Пристально посмотрела на цыгана, он не шевельнулся и не моргнул с того мгновения, когда остановилась рядом. Неужели весь сосредоточен на поплавке? Может, он только уставился на поплавок, а сам о чем-нибудь размечтался? Или ему просто захотелось понять, для чего он плавает и ездит, зачем он и цыганята, брызгающиеся на отмели, нужны на земле? Или, может, думает о том, что никто и нигде не понимает цыганской души, и потому ему кажется, что жизнь глупа и жестока. Едва Маша перестала гадать о том, чем поглощен цыган, как вспомнила об отце («Мечтала о встрече с ним, а сама же оттягиваю»), о Владьке («Неужели из такого буки получится ученый?»).

…Маше не верилось, что мужчина, принявший у нее чемодан и застенчиво пригласивший войти в комнату, ее отец. Отец бы рассиял. Отец бы обнял и поцеловал. Кроме того, ее отец — высок, а этот человек среднего роста. Да и вообще он ничем не походит на того отца, каким создало его ее воображение: ни ртутно-седых прядей в волосах, ни умных глаз, в которых никогда не убудет печаль — столько горя и смертей видел во время войны. И вид не инженерский. Мама говорила: «Папка твой рабочий, но взглянешь на него и подумаешь — закончил металлургический институт и работает где-нибудь на мартене». Преувеличила мама, еще как преувеличила. И ничем он не отличается от семейных немолодых рабочих с нашего комбината: кирзовые сапоги, темные брюки, вельветка с «молнией». И лицо как у всякого, кто работает в горячем цеху: цветом напоминает красную медь, окислившуюся от дождей, ветров и солнца. В одном он схож с тем отцом, о котором рассказывала мама: канавка на подбородке. И эта канавка нравится Маше — от нее подбородок мужественный и словно зубилом вырублен из чугуна.

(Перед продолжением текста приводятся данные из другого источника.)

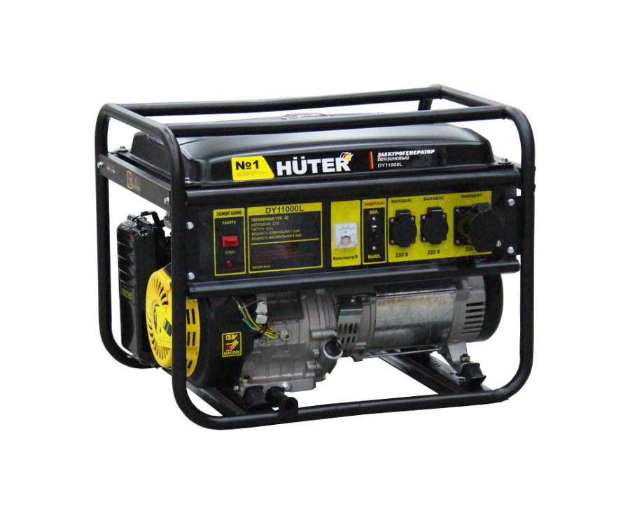 Бензиновый генератор Huter DY11000L – портативная компактная электростанция, обеспечивающая электроснабжение бытовой техники и профессионального оборудования, питающегося от стандартной однофазной сети 220 Вольт. Это самый выгодный бензиновый электрогенератор, с оптимальными техническими характеристиками и низким расходом топлива.Модель DY11000L может использоваться в качестве резервного источника питания для частных домов и квартир, а также как постоянная станция, обеспечивающая работу электроприборов в полевых условиях. Генерирующая установка имеет синхронный тип устройства и щёточный механизм.Комплектация:Бензиновый электрогенератор.Силовая вилка 32 АСвечной ключ. Вороток либо отвёртка (в зависимости от модели)Комплект резиновых опор с гайкамиПаспорт (руководство по эксплуатации)Бензиновая электростанция Huter DY11000L оборудована мощным одноцилиндровым четырёхтактным двигателем внутреннего сгорания, мощностью 19 л.с. Запуск производится ручным стартером. Для удобства транспортировки, отдельно можно приобр

— Не помнишь меня? — спросил отец.

У окна, держа на спицах шерстяное рябиновое вязанье, сидела молодая полная женщина. Щеки алые, как будто она только что отошла от раскаленной докрасна плиты. Шея до того свежа, что заметно ее мерцанье.

— Где упомнить? Игорешке пять доходит… Сколько тебе, Машенька, было, когда он уехал от вас?

— Мама говорила — три.

— Вот и упомни тебя.

Маше стало жалко мать: бледная, верней желтая, усталая, пожилая. Ей вдруг захотелось бежать, бежать из этого дома и никогда сюда не возвращаться. Но она сдержала себя. А отец сказал:

— Крохой, Маша, ты страшненькая была. Не гадал, не думал, что ты выправишься… Красавицей сделалась! Лиза, скажи, а?!

— Ты бы не внушал дочке, чего не нужно. Возьмет да вберет в голову что-нибудь такое. Рано ей собой любоваться. Ой, что же мы, Машенька, и не спросим, как ты добиралась.

— До Домодедова на самолете Ил-18.

— И не забоялась?

— Не. С аэродрома до Москвы электричкой. До вас на тепловозе.

— Вот и ладно. Только надо было известить… Встретили бы. Такси взяли.

— Я люблю ездить на пешкомобиле.

Константин Васильевич, застенчиво смотревший на дочь, улыбнулся.